AI Agent Architecture

A technical deep dive into the architecture that powers NAYAFlOW's AI agent orchestration platform.

Platform Architecture Overview

NAYAFlOW's architecture is built on a modular, scalable foundation that enables seamless orchestration of AI agents across complex workflows and enterprise systems.

Microservices Architecture

Distributed, containerized services provide flexibility and scalability for enterprise deployment across cloud and on-premises environments.

Extensible Agent Framework

Supports multiple agent architectures (LangGraph, CrewAI, AutoGen) with a unified interface for consistent development and deployment.

Enterprise Integration

Pre-built connectors to common enterprise systems (CRM, ERP, databases) with a secure API gateway for custom integrations.
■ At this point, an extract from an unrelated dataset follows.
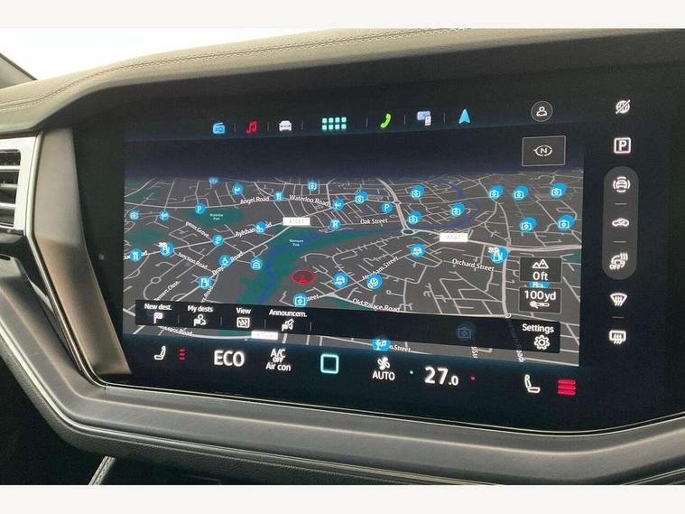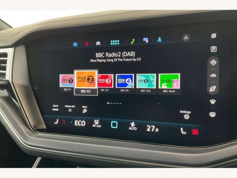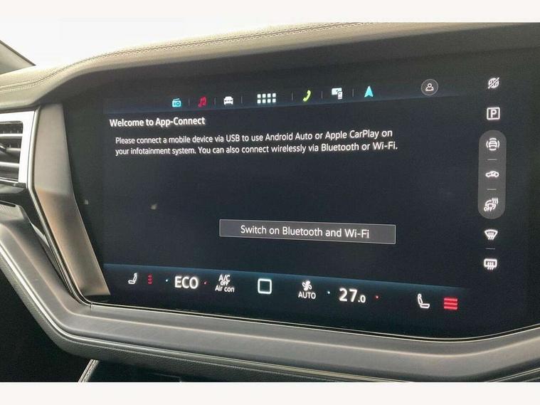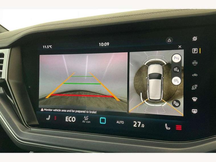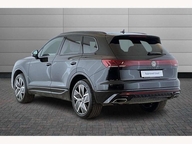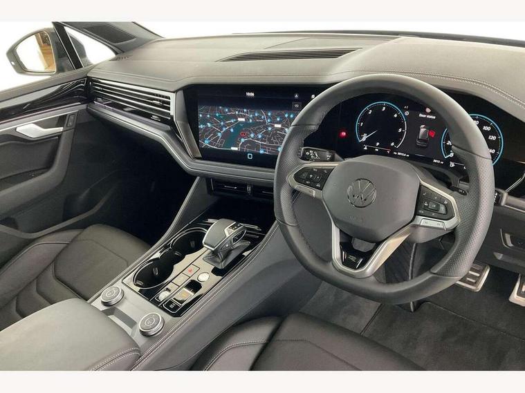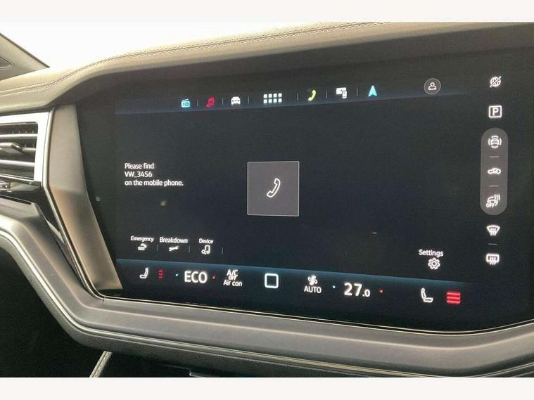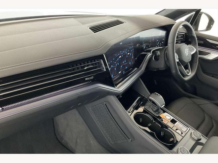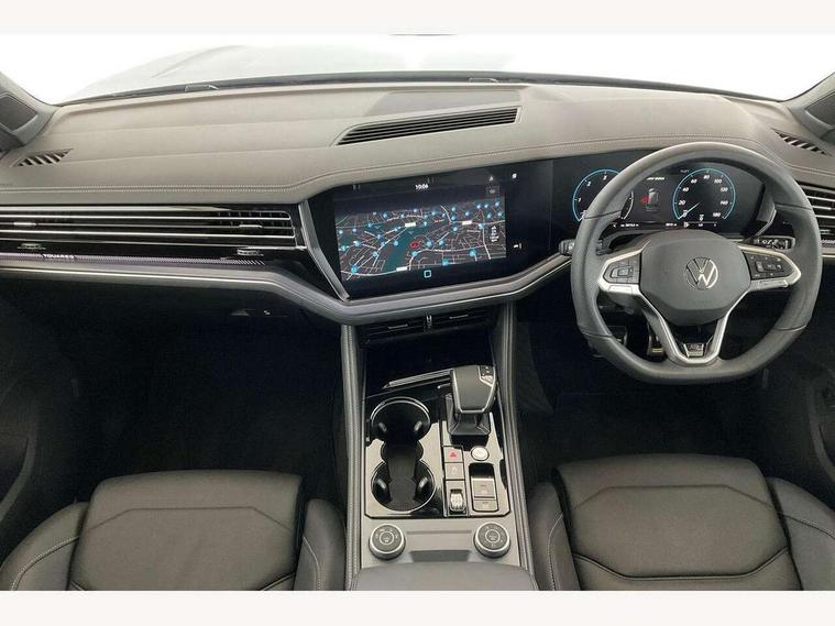 15" Screen Top infotainment system Premium (MIB3), Adaptive cruise control, Advanced driver attention and drowsiness monitor, Driver profile selection, Dynamic road sign display, E-Sim card for online connectivity, eCall emergency system, Innovision cockpit, Intelligent park assist, Mobile phone interface with inductive charging, Multi-colour Active Info display, Park Assist - Sensor controlled steering aid to assist parallel or bay parking, PAS, Warning signal and warning light for front and rear seatbelts not fastened, Wireless app connect, Adaptive chassis control, DAB Digital radio, Diversity antenna for AM/ FM reception, We Connect and We Connect Plus functionality, Automatic coming/leaving home lighting function, Automatic headlights, Black door mirrors, Black style comfort bumpers, Dynamic headlight range control with dynamic cornering light, Electric front tilt/slide panoramic sunroof and fixed rear sunroof, Electrically power adjustable, heated, folding, auto dimming, front passenger exterior door mirror lowering function, External USB type C socket and charging sockets, Gloss black roof rails, HD LED Matrix beam plus digital headlight projection with variable light distribution, Headlight washers, Highway light, LED 3rd brake light, LED daytime running lights, LED rear combination lamp with variable lighting functions and special styling, Poor weather light, Rain sensor, Rear exhaust tailpipe, Rear fog light with back up light on both sides, Rear light bar and illuminated logo, Rear side wing doors, Rear wiper, Stainless steel door sill protection, 12V socket in centre console, 3 rear headrests, 3 seat bench in 2nd row, 4 zone climate control, Airbag label on sun visor and B-pillar, Brushed stainless steel pedals, Double sun visors with illuminated vanity mirrors, Front + rear carpet mats, Front centre armrest, Leather wrapped multifunction sports steering wheel, heated, with touch control and shift paddles, Mechanical rear seat release, Power adjustable lumbar support in front, Power seats in front, right side with memory features and seat cushion depth adjustment, Rear seat backrest and split folding with center armrest, Single front passenger seat, Memory pack plus - Touareg, 3 point seatbelts, outer rear with ECE lable, ABS, Child locks on rear doors, Curtain airbags, Driver and front passenger safety-optimised head restraints, Driver/Front Passenger airbags, Extended pedestrian protection measures, Front assist, Front seat side impact airbags, Generative braking with start and stop system, Height adjustable 3 point front seatbelts with pre tensioners, Passenger airbag deactivate switch, Three 3 point rear seatbelts, Two tone horn, Warning triangle and first aid kit, Alarm system with interior protection, Easy open and close sensor controlled luggage compartment opening and closing with remote unlocking, Keyless Access Keyless locking and starting system with SAFELOCK, Aluminium decorative inserts, Black decorative trims, Gloss black decorative inserts in centre console, Tool kit,
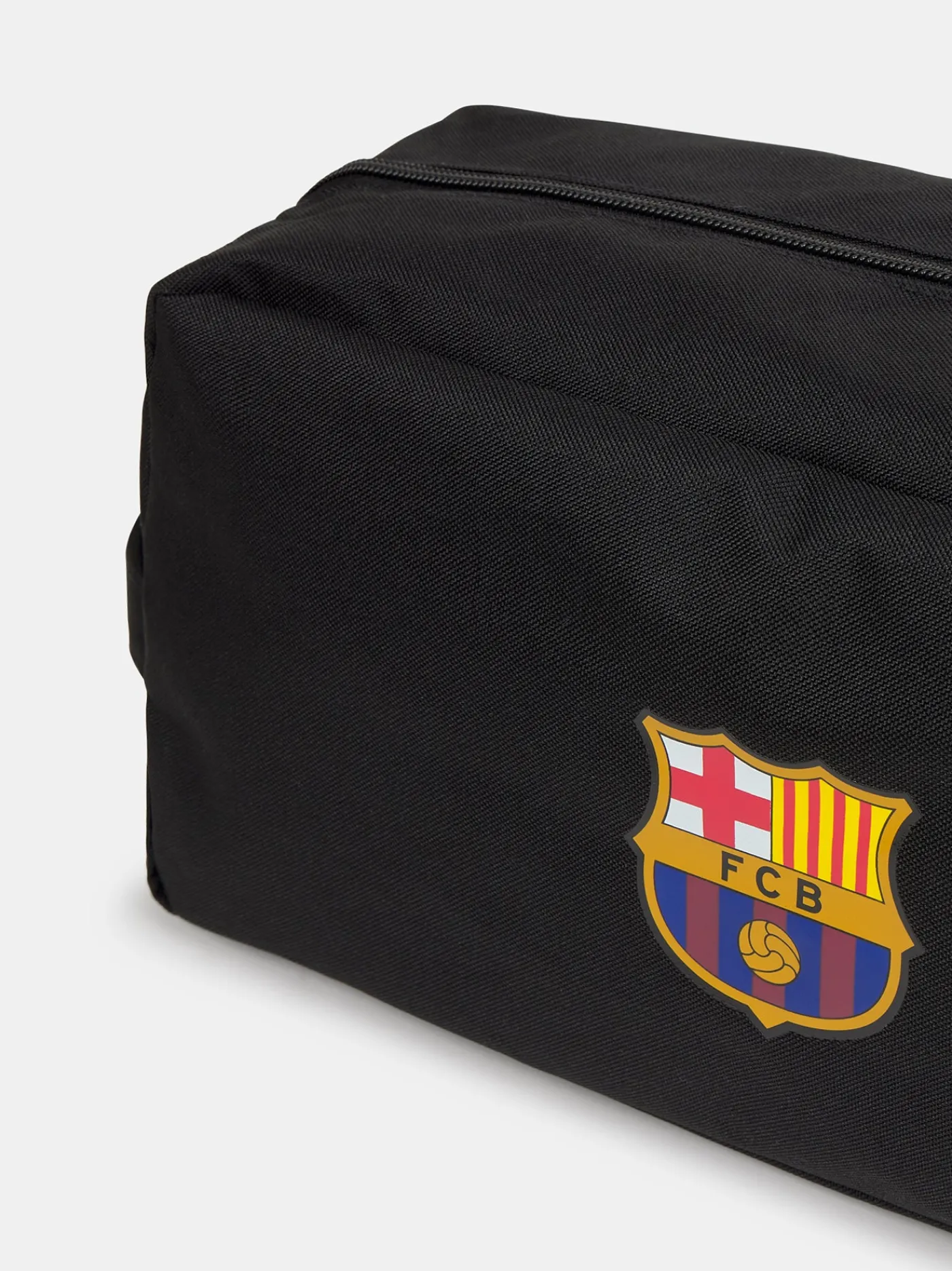 Bolsa para zapatillas del FC Barcelona. Escudo del FC Barcelona centrado en relieve. Bolsa que permite guardar las zapatillas de entrenamiento. Compartimento con cremallera. Asa de mano. Color negro.

NAYAFlOW platform architecture diagram

Figure 1: High-level architecture of the NAYAFlOW platform

Agent Orchestration Patterns

NAYAFlOW supports multiple orchestration patterns that can be implemented across different agent frameworks.

ReAct Pattern

Combines reasoning and action in a synergistic loop, allowing agents to reason about their observations before taking the next action.

ReAct Pattern Diagram

Implementation Details:

  • Thought: Internal reasoning about current state
  • Action: Execution based on reasoning
  • Observation: Environment feedback
  • Iteration: Continuous improvement cycle

Tool-Augmented Pattern

Extends agent capabilities through integration with external tools, APIs, and data sources, enabling real-world interactions.

Tool-Augmented Pattern Diagram

Implementation Details:

  • Tool Selection: Dynamic choosing of appropriate tools
  • Tool Invocation: Properly formatted API calls
  • Result Integration: Processing tool responses
  • Tool Library: Expandable ecosystem of capabilities

Multi-Agent Collaboration

Enables multiple specialized agents to work together on complex tasks, with structured communication and role-based responsibility allocation.

Multi-Agent Collaboration Diagram

Implementation Details:

  • Role Definition: Specialized agent capabilities
  • Communication Protocol: Structured message passing
  • Task Allocation: Dynamic work distribution
  • Conflict Resolution: Mechanisms for handling disagreements

Autonomous Agent Pattern

Self-driven agent architecture that maintains its own goals, memory, and planning capabilities without continuous human intervention.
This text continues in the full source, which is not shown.